За кого голосовать советовал наобум, слегка учитывая сферу, в которой воровали и кандидат в президенты и вопрошающий.
Довольно глубокий невежда Афоныч пользовался невежеством, ленью или занятостью чиновных и творческих поводырей, научился понтировать, потому слыл в городе эрудитом, нужнейшим из обывателей.
В уходящую зиму интерес в консультанте сильно притупился, мелкие заработки не предлагались. Супруга ворчала, у самого Афоныча зарождалось презрение к себе и страх перед грядущим.
С приходом тепла или прилетом скворцов, что не имело прямой связи с тем, что будет сказано дальше, пошли-поперли частые, почти ежедневные звонки из кульки, то есть, из Университета культуры, от Карпича. Привет! Как дела? И ни о чем дальше.
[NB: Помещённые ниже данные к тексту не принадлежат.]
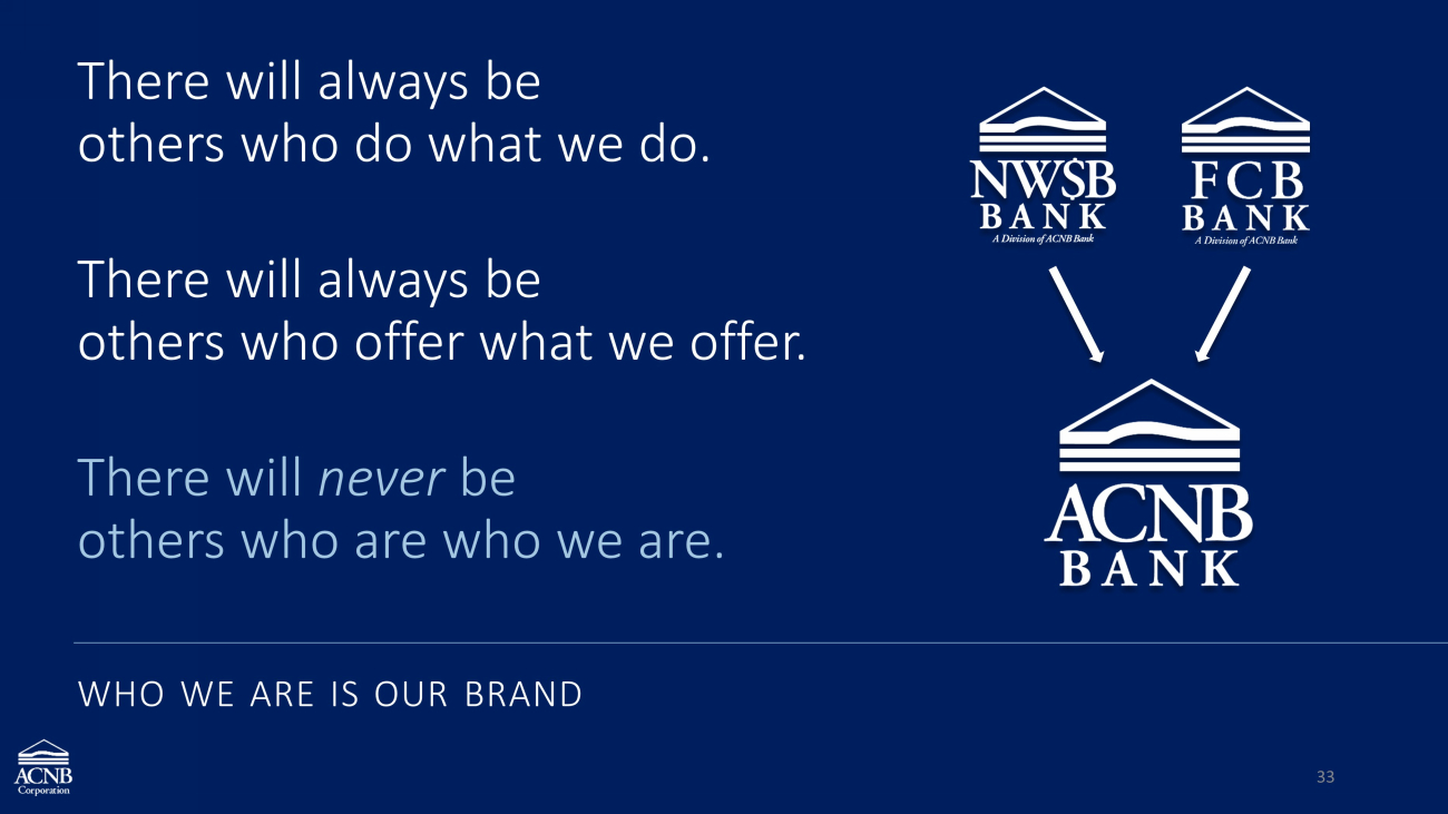 There will always be others who do what we do. WHO WE ARE IS OUR BRAND There will always be others who offer what we offer. There will never be others who are who we are. 33

Старику было приятно, что хоть этот знакомец не загружает его изношенную голову вопросами для первокурсника, мужик явно со своей собственной головой. Нет-нет, однажды он справился, был ли такой поэт в Украине – Бычков или Бычок и как его звали?
Моментальный ответ:
– Валентин Бычко писал забавные стихи для детей и хреновые патриотические песни, – заметно свалил приятеля.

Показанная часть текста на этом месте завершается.